縱然,他們心中清楚,那遺诏的内容,隻有奚青璧一個人清楚,但是那樣的事情,也不是他們該問出來的。至于是否有遺诏,那已經不重要,奚青璧說有,即便是沒有,也會有。
一連斬殺了數位大臣,罷免了十數位的大臣,貶谪的有數十位,朝堂此刻安靜下來。
能留下的,不是奚青璧的心腹門生,就是安分的臣子,或者是輕易不表示意見,老奸巨猾用來自保的人。
朝臣們達成了一緻的看法,此時敢和奚青璧作對的人,隻有兩條路。
死,或者被罷官,貶谪。
他們不想死,也不想被貶谪,隻能向奚青璧低頭。
諸位皇子雖然不滿,但是他們沒有太多的權力,在這種情況下,更不敢公然和奚青璧鬧翻,失去最後的機會。
他們每隔幾日,才有機會見到皇上一面,也隻是遠遠地看一眼,知道他們的父皇仍然還活着。他們甚至連這一點,也不敢肯定,因爲離得遠,他們也隻是看到,龍榻上父皇虛弱的身影,再難以看清楚,龍榻上的人,是否還有呼吸。
謠言紛纭,奚青璧巋然不動,任憑别人說什麽,他已經全部掌握了建安城的權力,那些謠言,對他沒有任何的用處。
奚青璧所關心的,是從東海郡傳回來的每一個消息,宮錦文的情況,戰事進行的程度,勝負和損失。
“爹,前方緊急軍報。”
奚甯邦匆忙從外面闖入奚青璧的書房,他是爲數不多,能徑直闖入奚青璧書房的幾個人之一。
“如何?”
“爹,情況大好,葉飄零已經幾次擊潰了日盛國進犯的大軍,香兒那些武器,可是起了大作用,令日盛國損失慘重。”
“戰事進行的如何?”
“這是戰報,還有葉飄零給爹的親筆書信。”
奚青璧接過,打開看了下去,唇邊露出一抹淺笑,微微蹙起的眉舒展開來。
奚甯邦湊到奚青璧的身邊,一起看書信和戰報。
“爹,這一次主子定然可以攜帶不世軍功歸來,隻是想不到,這一次日盛國會傾盡了全國的兵力,來進犯旦夕國。若是知道如此,就該在上次戰事大勝之後,讓主子回來。”
“我也沒有想到,如今主子是回不來的,否則會被人扣上臨陣脫逃的罪名。”
“爹,此事該如何安排?”
奚青璧微微歎息,皇上的龍體日漸虛弱,恐怕是維持不了多久。他所擔心的,就是皇上會在宮錦文歸來之前駕崩,那樣的話,局勢就更加難以控制。
“太子歸來之前,皇上不能走!”
奚青璧重重地說了一句,無奈苦笑,若是皇上支撐不下去,他唯一能做的,也隻是秘不發喪,如外面傳言那般。
“爹,調集的兵馬和物資,還有那些武器,都已經源源不斷地送往東海郡,爹看如此安排,還有什麽不妥?”
“暫時就如此吧,随時關注東海郡的情況,尤其是主子,不容有失。”
“爹放心,您已經派出人暗中保護主子,上一次主子私自進入日盛國的大軍中去斬将奪旗,兒子事後得知,出了一身的冷汗。”
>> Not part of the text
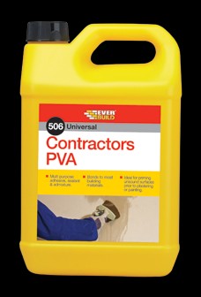 Contractors PVA is a multi-purpose primer, sealer, cement and plaster admixture that adheres to most common building and DIY materials. Ideal for priming and dust sealing on flaking surfaces and as an adhesive on wood, cork etc.
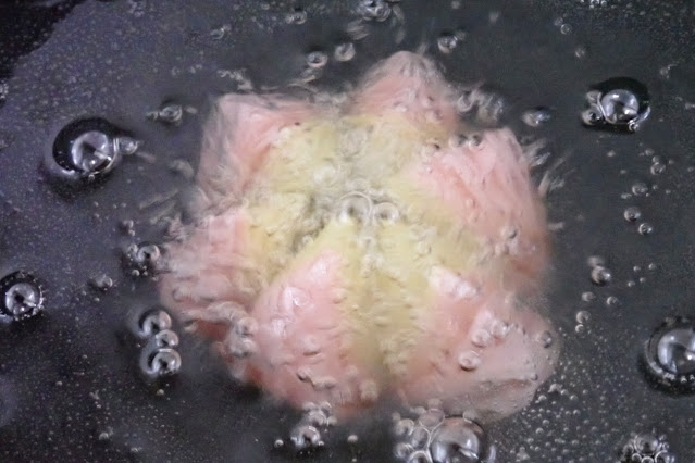 油温120℃に上げてその温度をキープしながら約10分間かけてゆっくりと層を放射状に開かせます。

“爲父何嘗不是如此,讓他們用心盯緊點,别讓主子發現他們的存在。一旦有什麽情況,他們就是死光了,也要保主子安然無事。”
“是。”
東海郡的軍情,每天第一時間回報到奚青璧的府邸,下朝之後,奚青璧沒有半刻的安閑,每日處理國務軍情,忙碌到深夜。
東海郡的戰事,進入到白熱化的階段,葉飄零的人馬,仍然步步後退,似乎被日盛國強勢所逼迫,不得不一路敗退下去。
半個月後,東海郡近百裏之内,已經歸屬日盛國所有,日盛國想打開旦夕國海岸線的夢想,無限接近。
織田駿的心中,沒有絲毫的欣喜,這是日盛國出兵多次,有史以來深入旦夕國最深的一次,他卻是高興不起來。
每一步的腳下,是踏着日盛國将士的鮮血和白骨而前進。
戰争死人很正常,但是死了這麽多的人,就太不正常了。
和旦夕國相比,他損失的将士,是旦夕國東海郡邊軍的十倍以上。
這樣沉重的損失,就連他這位在日盛國被稱譽爲“将神”的人,也承擔不起。
“香兒,可以開始了嗎?”
宮錦文疲憊地躺在床榻之上,幾天幾夜來,他很少合眼,每一天都在緊張的大戰中度過,等待那個最後安排妥當之後的反擊。
“大妖孽,就是三天之後,我在抓緊。”
奚留香雙眼通紅,遍布血絲,這半個月來,她同樣很少有合眼睡覺的機會,通宵達旦地忙碌布置那個陷阱,挖那個巨大的坑,去坑日盛國的大軍和那位驢臉大将軍。
躺在宮錦文的身邊,奚留香舒服地直歎氣,第一次明白,能躺在床榻上睡一會,是多麽幸福的事情。
“香兒,就要收了,你想盡早回到建安嗎?”
“隻要和你在一起,有你的地方,就是我的家。大妖孽,去掉你心中的浮躁,你是旦夕國人,是旦夕國的皇子。即便除去皇子太子的身份,無法改變你是旦夕國的人,該爲國出力,抵禦外敵。其他的,何必多想,問心無愧,可以睡的香甜。”